Harrisford’s gaze drifts away from me and fixes on the opposite wall. “The ambulance helicopters were just arriving as we were flying off. They took him to the London General Magical Hospital. But…he’s apparently in a coma.”

My eyes linger on Harrisford’s profile, silhouetted against the light from my lamp.

I’m trying to work out why he’s frowning.

Is it because he loves Mr. Briggs and is mad at me for endangering his dad’s life?

Or is it because he actually hates his father and wishes that the blast had killed him proper?

“I—I’m sorry, Briggs.”

He waves a dismissive hand at me. “Don’t be. We both know that he would’ve killed you.”

A shudder tears through me, and I clutch at the sheets. Percy’s claws dig in again. The memory of Darghan Briggs’s attack is still all too fresh in my mind—and my body. It’s like any mention of it triggers a visceral reaction deep in my organs and flesh.

Which is why, when Harrisford tentatively broaches the subject, I don’t feel up to elaborating. “Exactly what did he say to you?” Harrisford says. He seems to be holding his breath.

I swallow, my tongue scraping the dry roof of my mouth. “It’s—it’s all in the listening book.”

Until now, he’d been slouching, tipping my desk chair back. But now he sits up straight, giving me a sharp look. “You had a listening book?”

I nod and point. “In my bag. I nicked it from the library.”

He stares at me for a second, as though trying to work out who I am and why I’m suddenly flouting school rules with impunity. But soon enough he breaks eye contact and rummages through my bag.

“There are a lot of packs of Knobbly’s nuts in here.” He raises an eyebrow and I scowl at him.

“Keep looking.”

After a while, he locates the book and pulls it out triumphantly. Flipping it open, he jams his glasses on and starts reading, his blue and brown eyes scanning back and forth.

I watch him as he reads. It’s always incredible—and disconcerting—how different Harrisford looks when wearing his spectacles.

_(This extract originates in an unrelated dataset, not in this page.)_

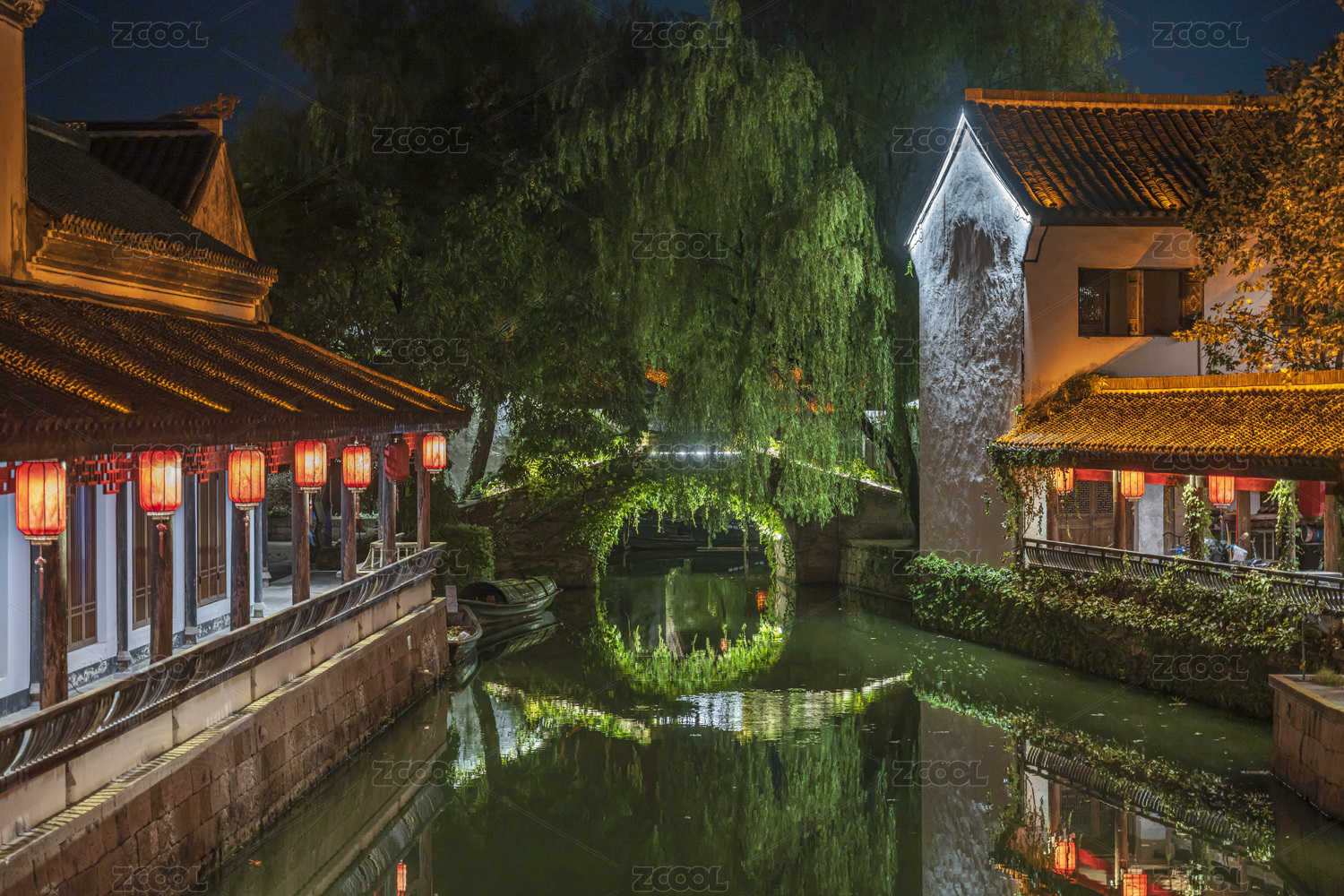 中國浙江紹興柯巖風景區(qū)柯巖魯鎮(zhèn)夜景

They’re slightly rounded, with thick tortoiseshell rims, the kind you’d expect an Oxford graduate to wear.

Or those male models on posters in opticians’ shops, who you know never actually wear glasses but are used in advertisements anyway just because they’re pretty.

And as much as I hate to admit it, Harrisford is pretty, in that haughty, rich-boy way.

The way his golden hair sweeps back in gentle waves from his face.

The oceanic blue of his left eye and the deep mahogany of his right, framed by lashes so dark they really don’t belong on a blond.

The way his high cheekbones and straight nose and sharp jaw frame his perfect, pouty lips…

I sigh. Not only did Harrisford win the wealth and privilege lottery, it seems he won the genetic lottery, too.

On me, glasses would just look nerdy. On him? It’s patently unfair, but on him they lend him a certain aristocratic air. As an average person—a mere mortal in the looks department—it would be horrible dating someone like him. You’d always pale in comparison.

Not that I’m planning to date him, of course. The prick.

Something in the listening book has caught Harrisford’s attention, and his usual pale complexion is deepening to puce.

“What’s wrong?” I venture, but he snaps the book shut.

“It’s nothing,” he says curtly, tossing the book on my desk. Then he levels a look at me. “It sounds like Father was saying Magecorp isn’t behind the surges.”